Изучил он и очередной кусок страшно длинного и скучного препирательства между тремя эмигрантскими фракциями. Началось все с того, что фракция А обвинила фракцию Б в инертности и проиллюстрировала обвинение пословицей "Хочется на елку влезть, да боится на иголку сесть". В ответ появилось ядовитое письмо к редактору от "Старого Оптимиста", озаглавленное "Елки и инертность" и начинавшееся так: "Есть старая американская пословица, гласящая: 'Тому, кто живет в стеклянном доме, не стоит пытаться убить одним камнем двух птиц'". Теперешний номер газеты содержал фельетон на две тысячи слов -- вклад представителя фракции В, -- названный "О елках, стеклянных домах и оптимизме", и Пнин прочитал его с большим интересом и сочувствием.
Затем он вернулся в свою кабинку, к собственным изысканиям.

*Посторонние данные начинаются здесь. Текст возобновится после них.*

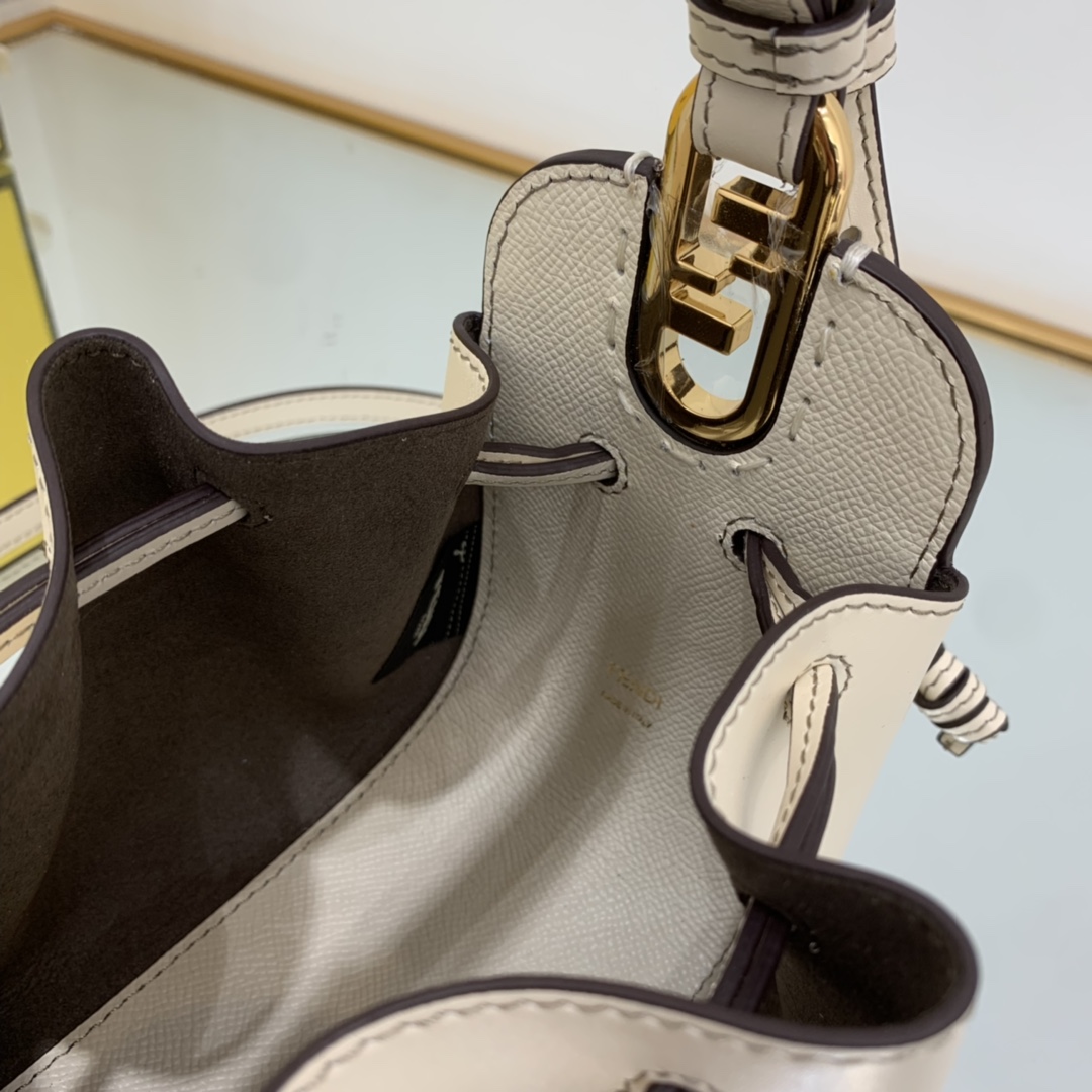 The FENDI mini bag features a drawstring closure and is made from PU fabric. It includes internal compartments and gold metal hardware. The bag comes with a top handle or a detachable shoulder strap, allowing for hand carrying, shoulder wear, or crossbody use.
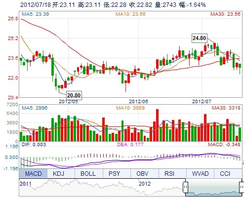 | 今 開: | 23.11 | 成交量: | 2743手 | 振 幅: | 3.58% |
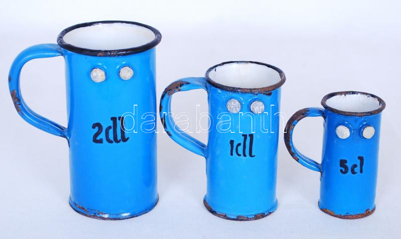 Beschreibung: Ital kimérő szett 3 db (0,5 dl,1 dl,2 dl), zománcozott vas, jelzett Kőbányai Zománcárugyár cca 1950, kis lepattanásokkal

Он замыслил написать "Малую историю" русской культуры, в которой российские несуразицы, обычаи, литературные анекдоты и тому подобное были бы подобраны так, чтобы отразить в миниатюре "Большую историю" -- основное сцепление событий. Пока он находился на благословенной стадии сбора материала, и многие достойные молодые люди почитали для себя за честь и удовольствие наблюдать, как Пнин вытягивает каталожный ящик из обширной пазухи картотеки, несет его, словно большой орех, в укромный уголок и там тихо вкушает духовную пищу, то шевеля губами в безгласных комментариях -критических, озадаченных, удовлетворенных, -- то подымая рудиментарные брови и забывая их опустить, и они остаются на просторном челе еще долгое время после того, как теряются все следы неудовольствия и сомнения. С Вайнделлом ему повезло. Превосходный библиофил и славист Джон Тэрстон Тодд (чей бородатый бронзовый бюст возвышался над питьевым фонтанчиком) навестил в девяностых годах гостеприимную Россию, а после его смерти книги, которые он во множестве вывез оттуда, тихо спланировали на дальние стеллажи. Натянув резиновые перчатки, дабы его не ужалило скрытое в металлических полках американское электричество, Пнин приходил к этим книгам и вожделенно их созерцал: малоизвестные журналы ревущих шестидесятых в мрамористых обложках, исторические монографии столетней давности с бурыми пятнами плесени на усыпительных страницах, русские классики в ужасных и трогательных камеевых переплетах с тиснеными профилями поэтов, напоминавшими влажноочитому Тимофею о детстве, в котором праздные пальцы его блуждали по книжной обложке со слегка потертой пушкинской бакенбардой или запачканным носом Жуковского.